BORP020314
BORP 02-03-14
We can take it farther. The name BORP is our abbreviation of Balloon Over Radio Protocol. Now our title reads:
Balloon Over Radio Protocol 02-03-14
Let's go back to the date and take the title one step farther:
Balloon Over Radio Protocol - February 3, 2014
This is way easier to read; however, it takes a lot more space (47 characters vs. 12). This is almost 4 times longer. So, say I want to send a message to the International Space Station. That's pretty far, but sending the final title (the 47 character one) will be fairly easy. But, what if I want to send 100,000,000,000 messages to the Space Station. In this case, the quicker message would be Title #1 (BORP020314). As long as the astronauts on the Space Station know the protocol, they should be able to interpret the data.
In other words, a protocol is just a fancy way of agreeing how to send messages.
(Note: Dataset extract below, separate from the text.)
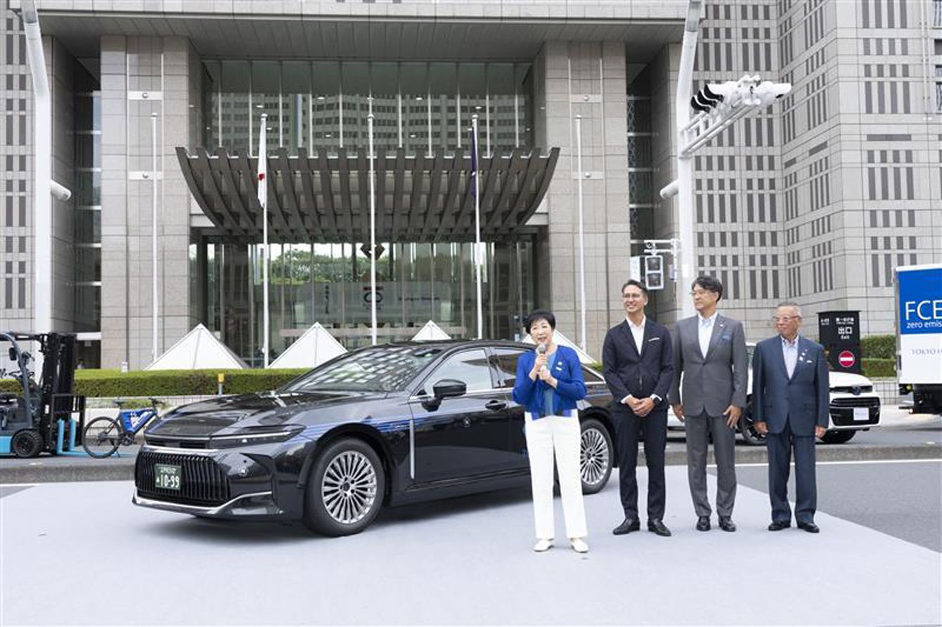 左から牧野明次岩谷産業会長兼CEO、佐藤恒治トヨタ自動車社長、小池百合子都知事、川鍋一朗一般社団法人東京ハイヤー・タクシー協会会長(日本交通取締役)
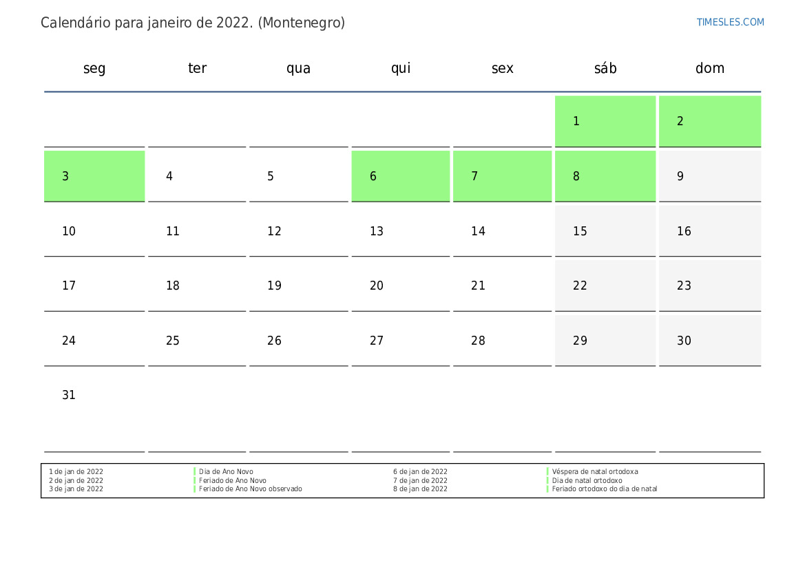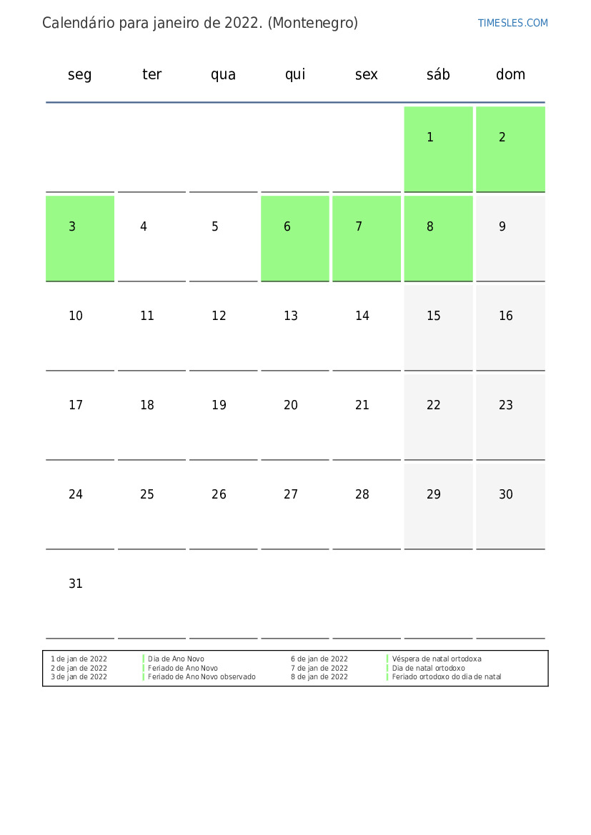 O mês de janeiro contém 31 dias. Este é 1 mês de 2022. Estação do ano: inverno. O mês de janeiro começa no sábado e termina na segunda-feira. No mês de janeiro de 2022, há 6 feriados e dias de folga em Montenegro.

This is what we are working on for the balloon project right now. The balloon in the air has to send large quantities of data to the ground; the computer on the ground has to know how to interpret this (the data transmission).
An analogy: The United States Post Office
The USPS processes an enormous number of mail parcels (around 100 billion). So, they should read this post and make their own protocol, right? That would be smart; it turns out they already have one:
<Name>
<House #><Street>
<City><State>
<Zipcode>
Look familiar? That's because it might be one of the best implemented protocols ever (disclaimer: I have no citations for this). Everyone knows it. And as a result, mail gets to your door within a week or two.
--Michael
--Michael
Thus ends the easy part of the post. Everything below is for the technically adventurous .
Our current design for the BORP utilizes a 32-bit header to label each data packet transmitted from the balloons, described below.
Byte 0: The first byte of data will included in the header will tell which balloon is transmitting, and how important the data is.
- Bits 0-1: BID - Two bits have been allocated to the Balloon Identification (BID).
- Bits 2-3: Priority - The next two bits will be used to give the packet a priority level.
- Bits 4-7: Open - The last four bits will be used for new flags in the future.
Bytes 1-16: The next sixteen bytes of data will be an MD5 Checksum of the data being transmitted. This makes sure that the data has not been corrupted.
Bytes 17-20: The next four bytes include the time the transmission was sent (not the time the data was collected). Between a constantly changing time stamp as well as different data and MD5 Checksums, no two packets should ever be identical.
Bytes 21-24: These four bytes will be the timestamp of the data (when it was collected).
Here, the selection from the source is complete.